Question

Energy released when two deuterons $ \text{(H}_2\text{)} $ fuse to form a helium nucleus $ \text{(He}_4\text{)} $ is:

• A. 8.1 MeV
• B. 5.9 MeV
• C. 23.6 MeV
• D. 26.8 MeV

Hint:

The energy released in a nuclear fusion reaction can be calculated using the binding energy per nucleon of the reactants and products.

Answer 1

The Correct Option is C

Given: - Binding energy per nucleon of \( \text{H}_2^1 \) = 1.1 MeV 
- Binding energy per nucleon of \( \text{He}_4^2 \) = 7.0 MeV 
The energy released \( Q \) is the difference between the binding energy of the reactants and products: \[ E_B = \text{BE}_{\text{reactant}} - \text{BE}_{\text{product}} \] \[ E_B = 1.1 \times 2 + 1.1 \times 2 - 7 \times 4 = 23.6 \, \text{MeV} \] Thus, the energy released is: \[ Q = 23.6 \, \text{MeV} \]

Answer 2

We are asked to find the energy released when two deuterons \( (\text{H}_2) \) fuse to form one helium nucleus \( (\text{He}_4) \).

Concept Used:

The energy released in a nuclear fusion reaction is due to the mass defect and is given by Einstein’s relation:

\[ E = \Delta m\,c^2 \]

where \( \Delta m \) is the decrease in mass (mass defect) between reactants and products.

Step-by-Step Solution:

Step 1: Write the nuclear fusion reaction.
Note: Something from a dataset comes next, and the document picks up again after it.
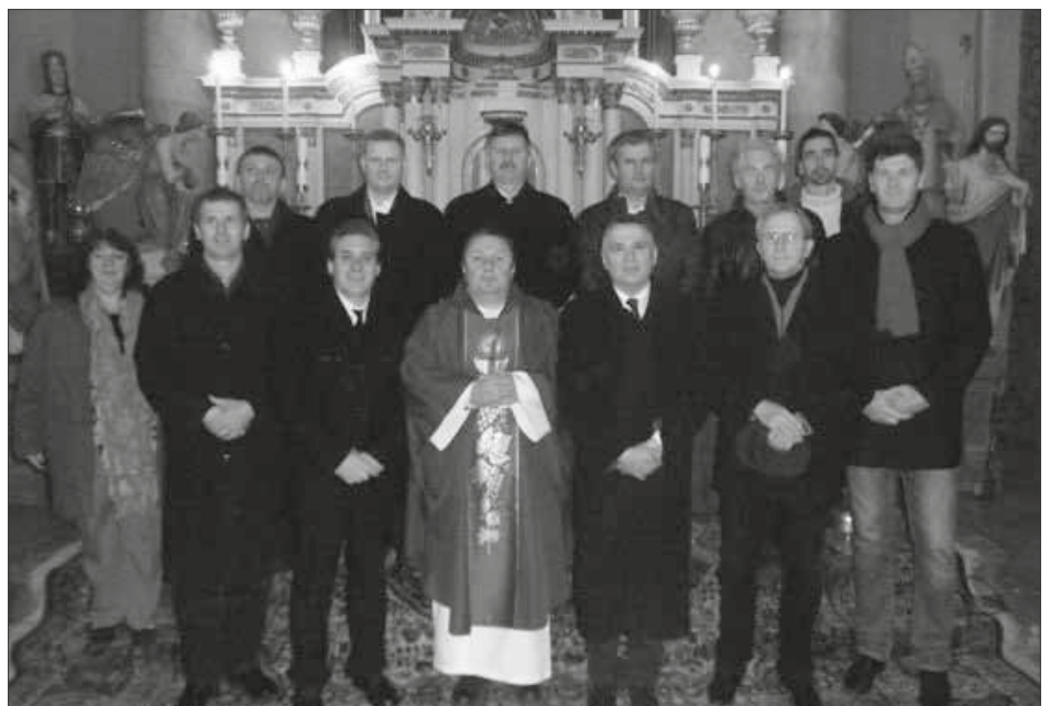
A KISKUNDOROZSMAI EGYHÁZKÖZSÉGI TANÁCS TAGOK

\[ {}^2_1\text{H} + {}^2_1\text{H} \longrightarrow {}^4_2\text{He} \]

Step 2: Write the approximate atomic masses involved (in atomic mass units, u):

\[ m({}^2_1\text{H}) = 2.0141\,\text{u}, \quad m({}^4_2\text{He}) = 4.0026\,\text{u} \]

Step 3: Compute the mass defect:

\[ \Delta m = \text{mass of reactants} - \text{mass of product} \] \[ \Delta m = [2 \times 2.0141] - 4.0026 = 4.0282 - 4.0026 = 0.0256\,\text{u} \]

Step 4: Convert this mass defect into energy using the conversion factor \( 1\,\text{u} = 931.5\,\text{MeV}/c^2 \):

\[ E = \Delta m \times 931.5 = 0.0256 \times 931.5 = 23.85\,\text{MeV} \]

Final Computation & Result:

The energy released when two deuterons fuse to form a helium nucleus is approximately:

\[ \boxed{E \approx 23.8\,\text{MeV}} \]

Hence, about 23.8 MeV of energy is released in the fusion of two deuterons to form one helium nucleus.